Records from a data source:
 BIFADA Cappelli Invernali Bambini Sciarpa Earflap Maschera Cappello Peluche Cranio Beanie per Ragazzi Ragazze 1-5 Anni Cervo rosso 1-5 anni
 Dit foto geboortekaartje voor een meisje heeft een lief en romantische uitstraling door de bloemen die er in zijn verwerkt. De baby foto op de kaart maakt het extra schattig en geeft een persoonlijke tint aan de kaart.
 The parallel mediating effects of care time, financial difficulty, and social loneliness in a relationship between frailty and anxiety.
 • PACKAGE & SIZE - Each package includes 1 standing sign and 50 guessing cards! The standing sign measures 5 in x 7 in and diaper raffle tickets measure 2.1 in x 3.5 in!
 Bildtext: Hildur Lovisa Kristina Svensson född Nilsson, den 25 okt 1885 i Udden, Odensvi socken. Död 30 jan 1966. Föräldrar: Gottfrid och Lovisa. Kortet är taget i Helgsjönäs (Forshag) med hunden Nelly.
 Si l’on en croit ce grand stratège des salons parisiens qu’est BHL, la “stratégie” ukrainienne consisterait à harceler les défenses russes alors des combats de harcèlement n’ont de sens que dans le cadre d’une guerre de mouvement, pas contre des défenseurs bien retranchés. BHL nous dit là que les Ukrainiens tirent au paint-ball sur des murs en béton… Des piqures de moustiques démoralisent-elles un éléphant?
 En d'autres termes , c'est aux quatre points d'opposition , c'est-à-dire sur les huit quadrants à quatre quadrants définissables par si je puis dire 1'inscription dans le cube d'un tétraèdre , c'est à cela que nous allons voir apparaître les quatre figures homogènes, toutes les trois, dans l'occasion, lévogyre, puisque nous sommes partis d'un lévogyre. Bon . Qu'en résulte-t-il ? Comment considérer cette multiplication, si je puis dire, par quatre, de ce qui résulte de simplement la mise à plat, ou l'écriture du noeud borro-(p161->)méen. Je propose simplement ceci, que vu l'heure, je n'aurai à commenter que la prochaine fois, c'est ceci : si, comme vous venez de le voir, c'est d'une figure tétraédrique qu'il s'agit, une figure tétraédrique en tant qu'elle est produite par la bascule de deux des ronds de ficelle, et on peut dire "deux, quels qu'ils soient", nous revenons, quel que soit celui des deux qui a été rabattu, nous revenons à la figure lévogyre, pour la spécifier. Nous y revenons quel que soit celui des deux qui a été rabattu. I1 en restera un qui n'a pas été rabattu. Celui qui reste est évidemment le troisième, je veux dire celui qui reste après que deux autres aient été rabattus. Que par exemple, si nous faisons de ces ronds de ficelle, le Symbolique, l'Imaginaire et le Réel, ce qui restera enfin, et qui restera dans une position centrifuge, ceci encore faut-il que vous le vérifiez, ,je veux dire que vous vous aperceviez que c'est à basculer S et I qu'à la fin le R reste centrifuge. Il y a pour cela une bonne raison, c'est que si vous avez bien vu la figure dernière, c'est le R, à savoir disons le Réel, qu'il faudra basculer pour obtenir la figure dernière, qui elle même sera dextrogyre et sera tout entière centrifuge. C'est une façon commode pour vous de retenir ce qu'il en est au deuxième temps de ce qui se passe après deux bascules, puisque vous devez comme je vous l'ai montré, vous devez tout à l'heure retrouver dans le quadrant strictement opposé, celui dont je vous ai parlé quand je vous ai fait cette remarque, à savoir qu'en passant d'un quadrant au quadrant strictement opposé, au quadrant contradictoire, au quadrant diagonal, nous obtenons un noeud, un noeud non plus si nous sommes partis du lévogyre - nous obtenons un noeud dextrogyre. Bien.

■ What the task asks
Out of the data above, give again only the lines starting at the one holding "in x 3.5 in!" and ending at the one holding "Si l’on en croit", unchanged.

■ Solution for this exercise
 • PACKAGE & SIZE - Each package includes 1 standing sign and 50 guessing cards! The standing sign measures 5 in x 7 in and diaper raffle tickets measure 2.1 in x 3.5 in!
 Bildtext: Hildur Lovisa Kristina Svensson född Nilsson, den 25 okt 1885 i Udden, Odensvi socken. Död 30 jan 1966. Föräldrar: Gottfrid och Lovisa. Kortet är taget i Helgsjönäs (Forshag) med hunden Nelly.
 Si l’on en croit ce grand stratège des salons parisiens qu’est BHL, la “stratégie” ukrainienne consisterait à harceler les défenses russes alors des combats de harcèlement n’ont de sens que dans le cadre d’une guerre de mouvement, pas contre des défenseurs bien retranchés. BHL nous dit là que les Ukrainiens tirent au paint-ball sur des murs en béton… Des piqures de moustiques démoralisent-elles un éléphant?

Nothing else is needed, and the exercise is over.